Saturday, May 22, 2010

Next work in progress

The First Few Days






Two Weeks Before Evelyn Is Born:



Doc: I really want it to be just the three of us for a while.

Me: Ok, and I just REALLY want my mom to be there.

Doc: I don’t think it’s unreasonable to want some time to be our own little family before everyone shows up and wants to hold her. This is a big deal for us. I think it’s fair for me to want that. Maybe after a week.

Me: A week? Are you crazy. I’ll give you 48 hours. That’s fair. 2 days.

Doc: Ok. 2 days.



12 Hours after Evelyn’s Birth:



Doc: Why isn’t your mom here yet ?

Me: She’s driving as fast as she can. She’ll be here by 1….I hope.

Doc: I’m so tired. Can’t…stay….awake…..



Downside of a homebirth and having your baby all to yourself? No sleep. None. Those assholes in scrubs I mentioned earlier? They aren’t going to take care of my baby for me so I can rest. Nope. Doc and I are running on 4 hours of sleep to last us two days. Evelyn isn’t in a nursery. She’s right there next to me. After being up all night and all day in labor, I was ready to sleep for a week. Evelyn however, after resting for 9 months, decided to see the world, starting now. No newborn nap for her.

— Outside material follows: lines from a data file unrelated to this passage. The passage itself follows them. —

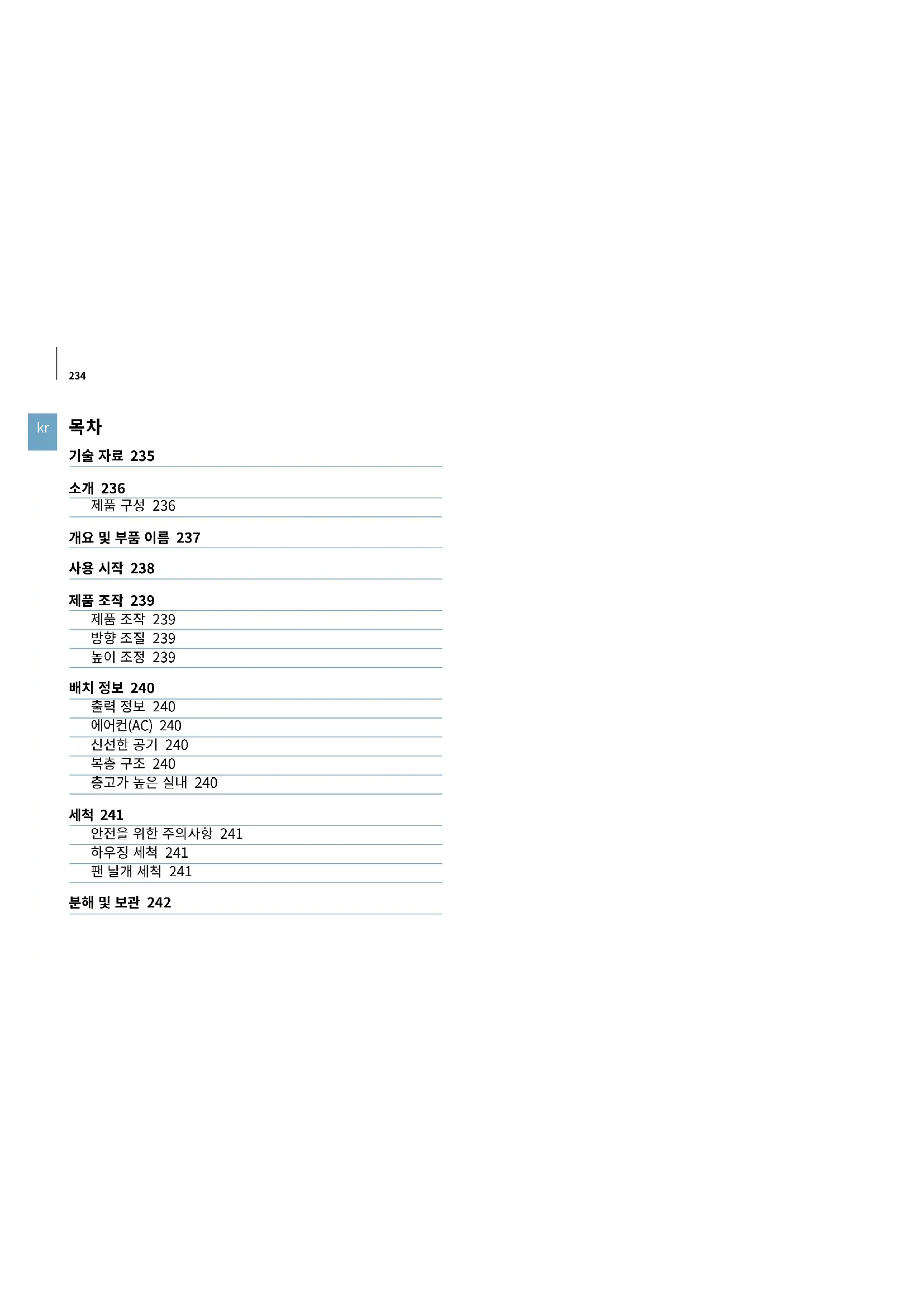 안전을 위한 주의사항 241 하우징 세척 241 팬 날개 세척 241 235
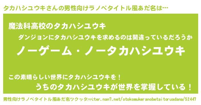 | 女子向けラノベタイトル風あだ名 | 『死神タカハシユウキの再婚』 |
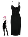 Schwarz 1960er Fledermaus-Kragen Samt Schlitz Kleid
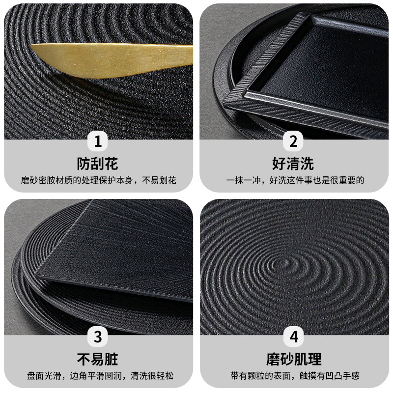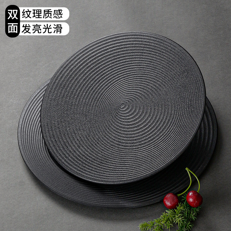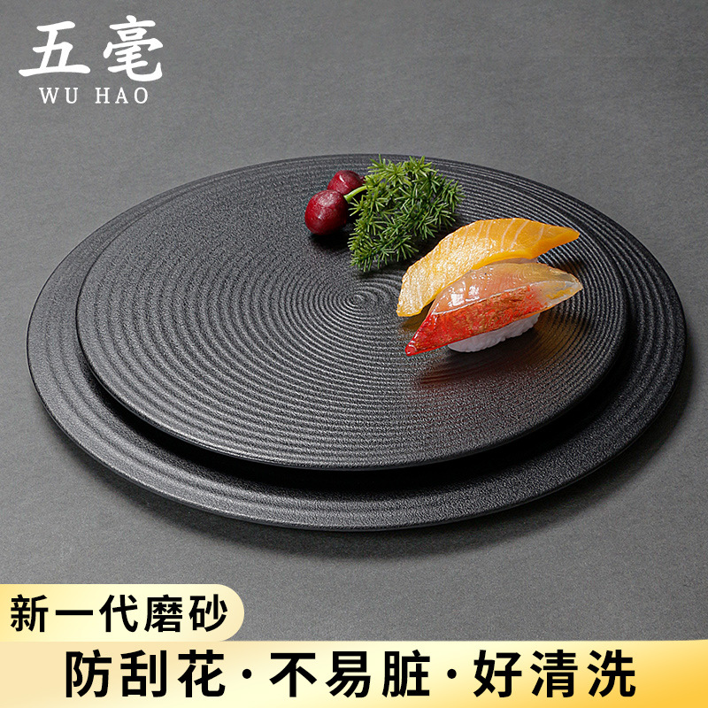 | nameOriginal | IJ6J wholesale melamine tableware round black plate commercial plastic plate Japanese plate barbecue plate pizza flat |
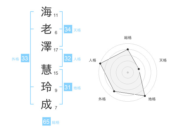 海老澤 慧玲成さんの総格は65画の4点!

Doc stayed up as long as he could and I stayed up most the night checking on her every 10 seconds to make sure she was still breathing. All I wanted was my mom to show up and take her between nursing times so I could sleep. Just a little sleep. That’s all I needed. That 48 hour period of just our little family, could have been 48 minutes. 48 minutes would have been just fine. What I needed was for my superhuman mother to show up and save my ass.

My mother is my hero. She’s also crazy. Her first date with my father was a motorcycle race that resulted in him crashing, going to the hospital, and being bedridden for a week. She biked 100 miles through the West Texas Desert when she was 50. She also hiked the Pecos Wilderness 8 months pregnant. Interestingly enough, she also knew how to make the best spiced pecans in the world every Christmas and was a sugar cookie genius. She was like Martha Stewart meets Juliet Gordon Low meets Davie Crocket. Maintenance extraordinaire and mother of five, she was my inspiration for self-sufficiency.





My mom doesn’t have what you might call, sympathy. She lives by the 48 hour grace period rule. If you have not fully recovered in 48 hours, tough shit. Get over it.

Evelyn latched on, and the raw, sharp pain that shot through me made me grind my teeth loud enough I knew she could here. I tried to shut my eyes hard enough that you wouldn’t see the tears forming.

“Is her tongue underneath your nipple?” Doc asked, glancing back down at the “how to latch” section of my breastfeeding guidebook.

“Yeeeessssss” I tried to get the whole word out without my voice shaking as Evelyn guzzled.

“Maybe she’s not opening her mouth wide enough.”

“She’s latched right….it just hurts.”

“Well, are you sure that you-“

“Just stop. Honey. She has been latching right and as you can see….it’s not okay.”

My mom crossed her arms, “I’m sorry honey. I know it’s horrible. I remember sitting there crying thinking ‘OH MY GOD’. It gets worse before it gets better.”

Worse? How can it get worse? My mom and husband are staring at my cracked, sore nipples and I’m trying to feed my baby but fighting the urge to cry like a freaking baby. It doesn’t get worse. It can’t possibly get worse.

It got worse.

1 comment:

  1. LOL @MattFowler for such an ambitious goal. 1 week just to three of you? Maybe in a world without poverty and war.